CHD seriously threatens human health and greatly increases the risk of death. ACS is even more fatal. Previous studies have shown that CPET is helpful in the diagnosis of CHD [10, 29]. International guidelines on CPET also put forward the importance of the CPET index in the diagnosis of CHD [8]. ECG, blood pressure and heart rate can be monitored during CPET. Another study showed that AT and peak oxygen uptake in patients with CHD were significantly lower than in those without CHD [30]. CPET can detect the cardiopulmonary function reserve and the degree of functional impairment of patients and help understand the gas exchange rate of patients [31]. The worse the cardiopulmonary function is, the worse the prognosis. Previous studies have suggested that CPET is of great significance in the assessment of cardiovascular, respiratory, and metabolic diseases[2, 32]. However, there is no relevant study on Hcy level and CPET. This study was the first time to propose that the correlations between Hcy level and CPET.

In the process of the CPET, a gradual increase in the exercise load should gradually increase the cardiac output. The degree of myocardial ischaemia and prognosis can be detected and evaluated through CPET. The prognosis of patients with CHD can be improved by cardiac rehabilitation according to cardiac ultrasonography and a quality of life scale. However, it cannot replace the accuracy and objectivity of CPET indicators. By evaluating AT, peak VO2 and other related indicators, we can formulate the best indicators of aerobic exercise prescription [8, 33]. We hypothesize that high Hcy levels may affect the cardiopulmonary function of ACS patients. Our study confirms this hypothesis. In the present study, we found that, compared with the Hcy ≥ 15 µmol/L group, the Hcy < 15 µmol/L group had better cardiopulmonary function. Hcy was negatively correlated with METs and VO2/kg in the AT state and peak state. We speculate that the possible mechanism by which Hcy aggravates the damage to cardiopulmonary function in patients with ACS is that Hcy promotes myocardial hypertrophy and damages myocardial systolic function through oxidative reactions and the activation of sympathetic nerves. Hcy-lowering interventions should be considered to prevent cardiovascular events [34] and improve cardiopulmonary function. Folic acid and B vitamins can reduce Hcy levels [35, 36].
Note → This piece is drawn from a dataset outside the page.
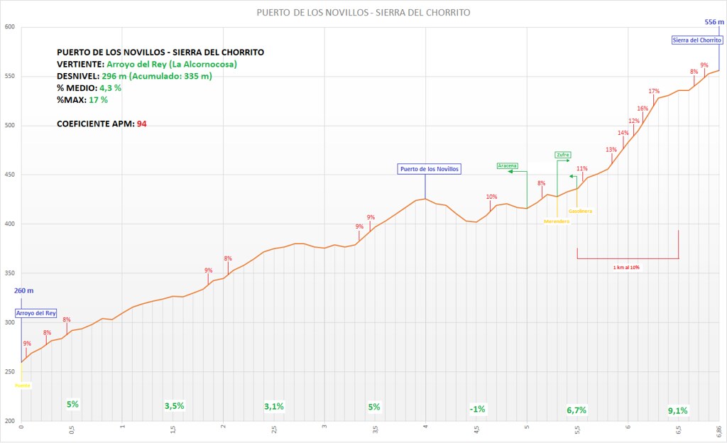 Comentario: Se trata de la ampliación del puerto de los Novillos, continuando, al llegar a Zufre, por una pista asfaltada, que sube a la cumbre de la Sierra del Chorrito. Esta pista asfaltada es la que le da la dureza al puerto, con 1 km a más del 10% de media, incluyendo varios tramos al 12 y 13 %, y dos tramos al 16 y 17% que se hacen muy duros.

Previous studies have found that Hcy levels are associated with cardiac systolic function in patients with CAD [37]. With an increase in the Hcy level, echocardiographic indices, such as left ventricular (LV) hypertrophy and cardiac diastolic dysfunction, could change in patients with obstructive sleep apnoea syndrome (OSAS) [38]. In our study, when we compared the Hcy < 15 µmol/L group and Hcy ≥ 15 µmol/L group, the IVST and LVPWT were significantly increased in the Hcy ≥ 15 µmol/L group. Correlation analysis showed that Hcy levels positively correlated with the IVST and LVPWT. However, after adjusting for confounding factors, partial correlation analysis showed that there was no correlation between these parameters. The results of this study are inconsistent with those of previous studies[39,40,41]. We consider that this may be related to the small sample size and the fact that some patients underwent bedside cardiac colour Doppler ultrasound. Moreover, the cardiac colour Doppler ultrasound indices of ACS patients changed greatly. Therefore, we need to conduct long-term follow-up monitoring and expand the sample size for further confirmation.

This study is the first report the relationship between Hcy levels and CPET. However, due to the limited number of patients in this study, more evidence is needed to draw a conclusion about this issue. Moreover, this study included only ACS patients after PCI. More patients with other diseases should be studied in the future. These patients can be followed up for a long time to understand the improvements in cardiopulmonary function after further treatment.

Conclusion

There was a correlation between Hcy levels and CPET. A higher Hcy level was associated with worse cardiopulmonary function in patients with ACS after PCI. Attention should be given to blood Hcy levels in patients with ACS.